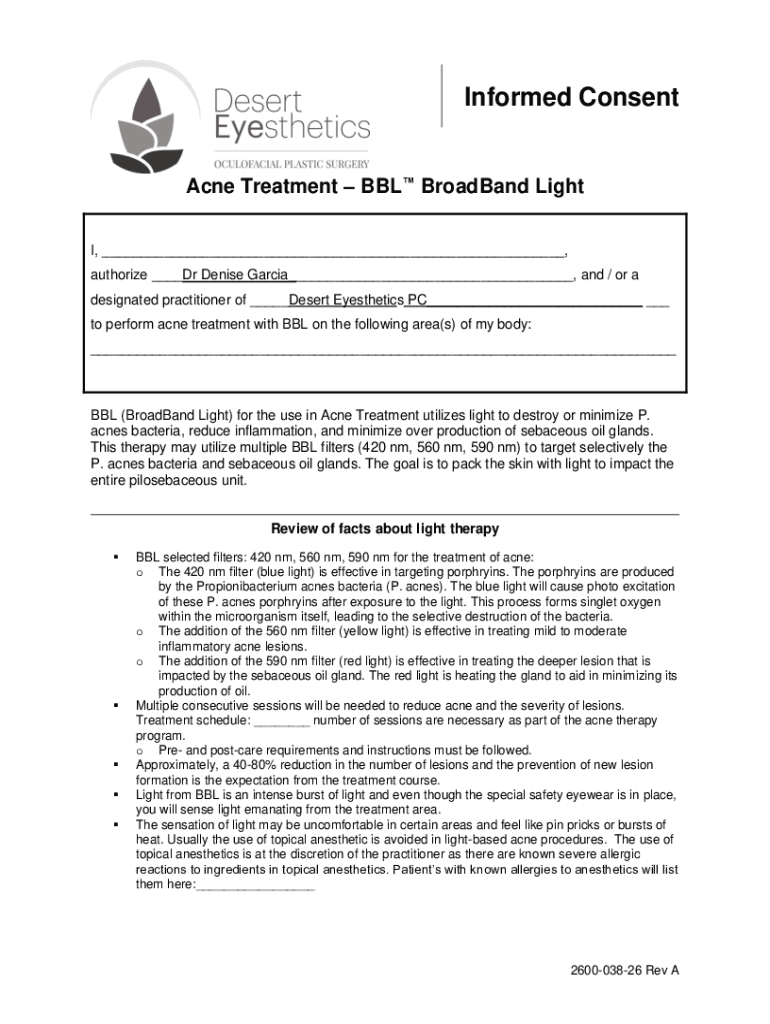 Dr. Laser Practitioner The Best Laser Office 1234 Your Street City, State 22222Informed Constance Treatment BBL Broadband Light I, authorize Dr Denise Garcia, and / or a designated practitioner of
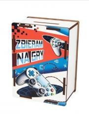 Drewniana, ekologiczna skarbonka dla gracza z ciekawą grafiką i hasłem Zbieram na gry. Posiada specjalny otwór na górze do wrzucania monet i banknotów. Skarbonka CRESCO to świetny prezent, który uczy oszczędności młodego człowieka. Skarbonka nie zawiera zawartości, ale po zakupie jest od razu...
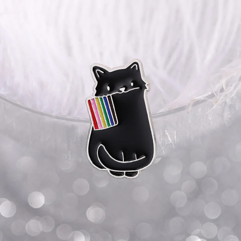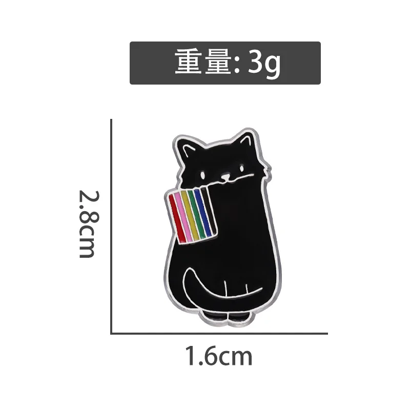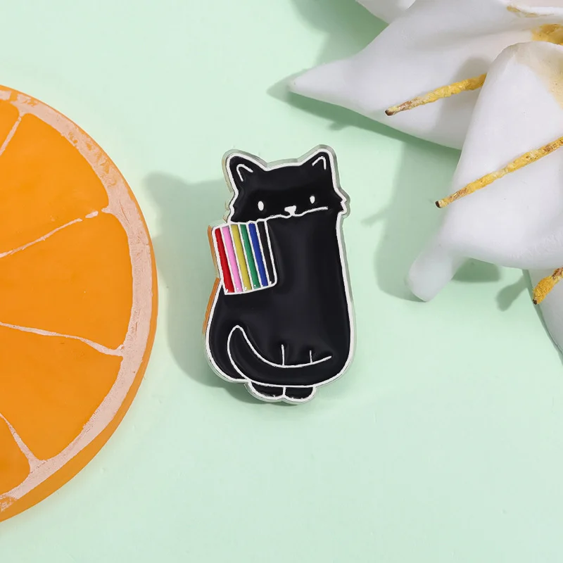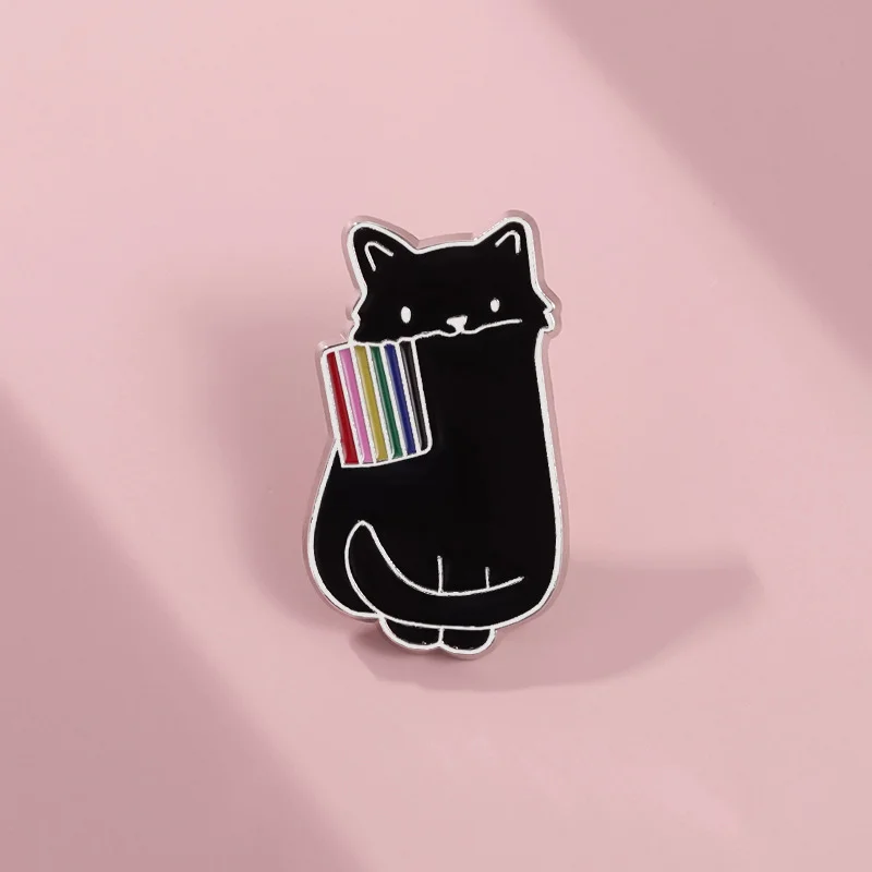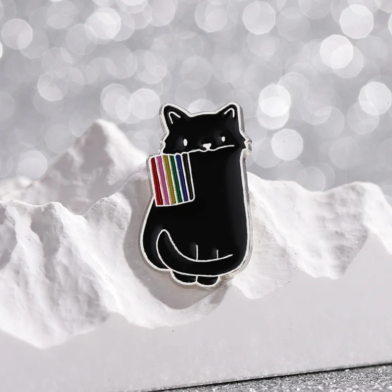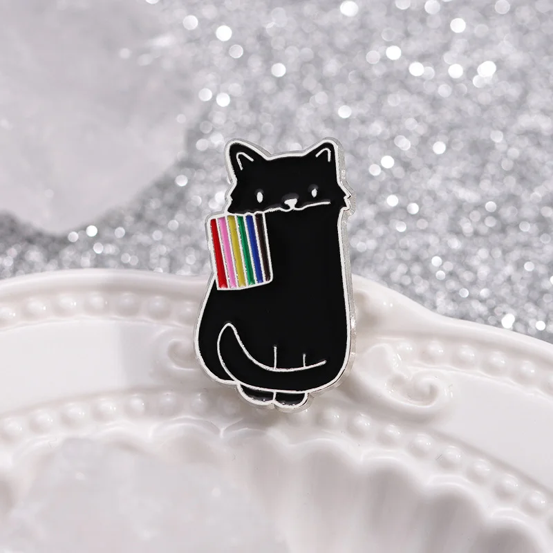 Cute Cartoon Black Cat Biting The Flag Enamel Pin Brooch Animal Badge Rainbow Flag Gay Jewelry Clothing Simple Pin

==

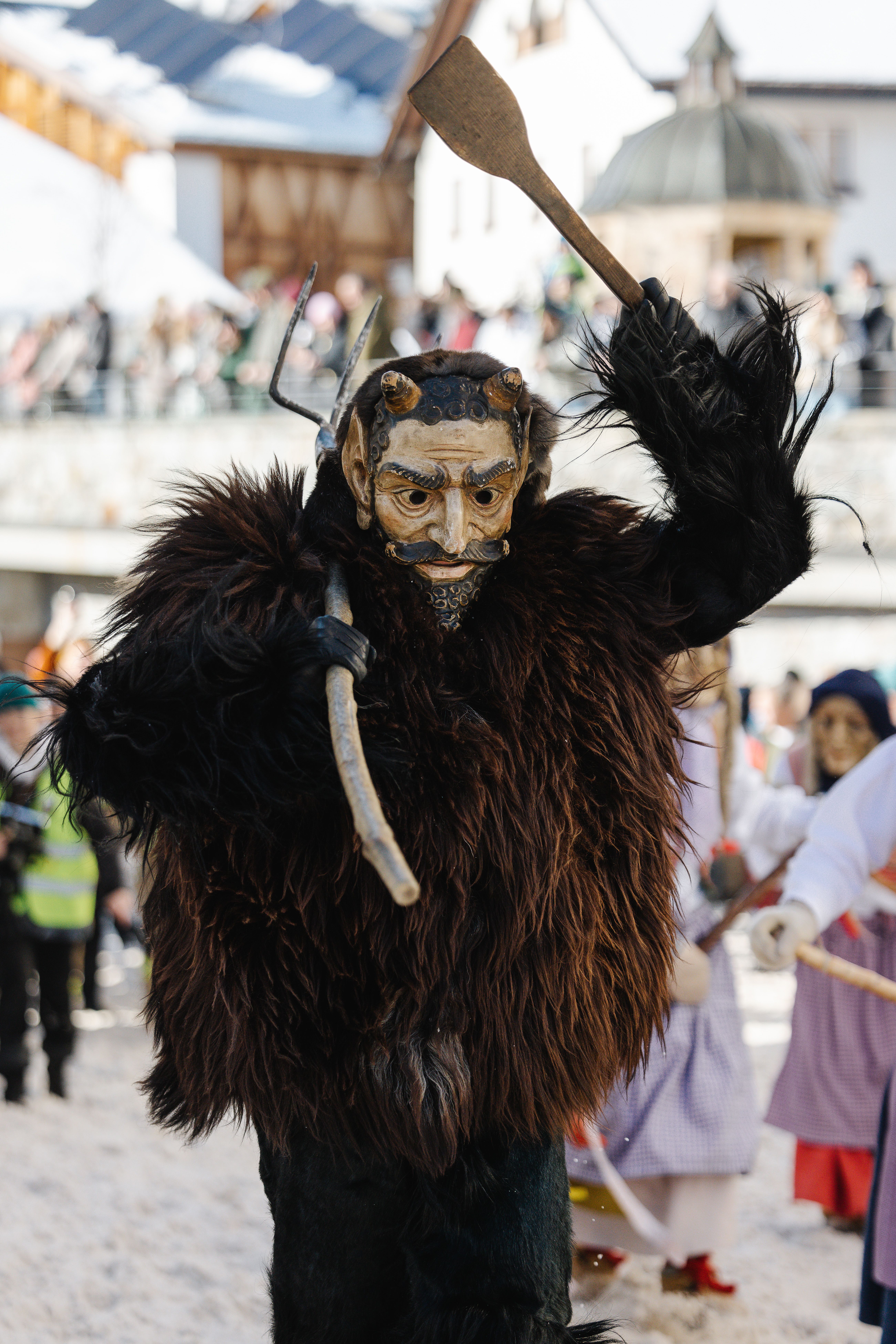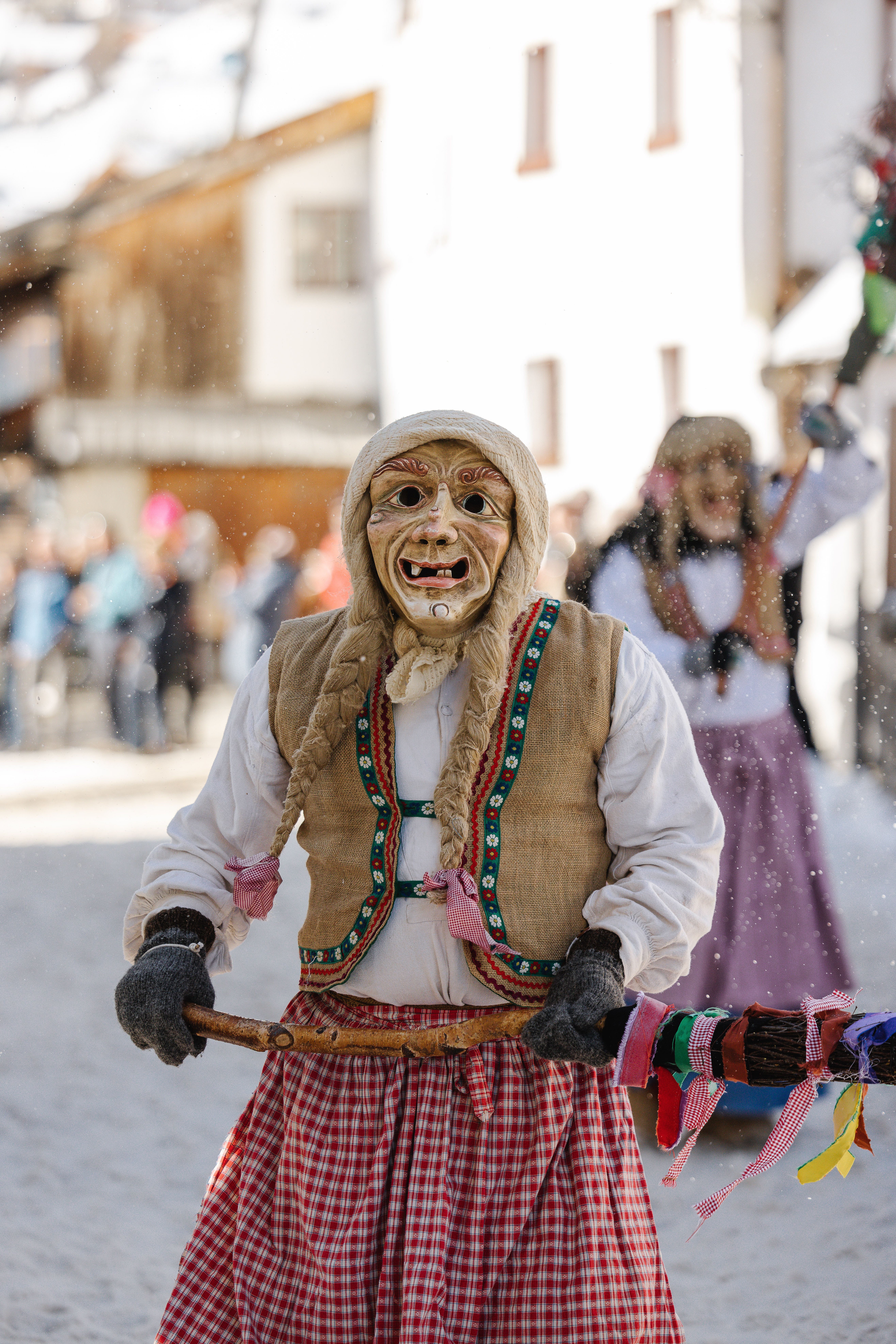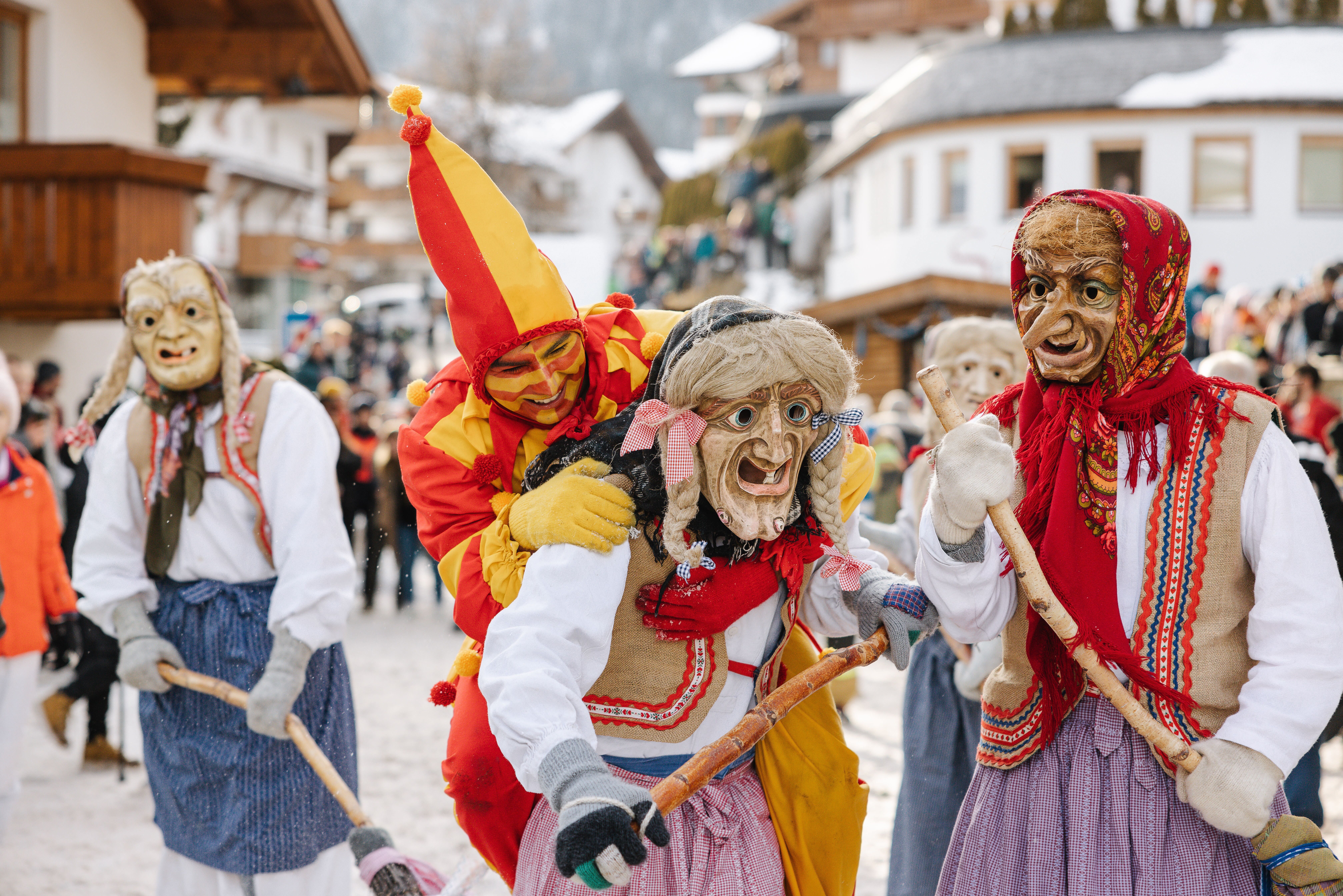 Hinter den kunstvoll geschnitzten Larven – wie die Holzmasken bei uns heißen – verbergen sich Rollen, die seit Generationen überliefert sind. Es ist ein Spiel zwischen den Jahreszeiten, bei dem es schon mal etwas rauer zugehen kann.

▸ **AIM OF THE EXERCISE**
How would the lines above read from the one with "Dr. Laser Practitioner" to the one with "Cute Cartoon Black", inclusive, with no pictures? Write them out exactly.

▸ **RESPONSE AREA**
 Dr. Laser Practitioner The Best Laser Office 1234 Your Street City, State 22222Informed Constance Treatment BBL Broadband Light I, authorize Dr Denise Garcia, and / or a designated practitioner of
 Drewniana, ekologiczna skarbonka dla gracza z ciekawą grafiką i hasłem Zbieram na gry. Posiada specjalny otwór na górze do wrzucania monet i banknotów. Skarbonka CRESCO to świetny prezent, który uczy oszczędności młodego człowieka. Skarbonka nie zawiera zawartości, ale po zakupie jest od razu...
 Cute Cartoon Black Cat Biting The Flag Enamel Pin Brooch Animal Badge Rainbow Flag Gay Jewelry Clothing Simple Pin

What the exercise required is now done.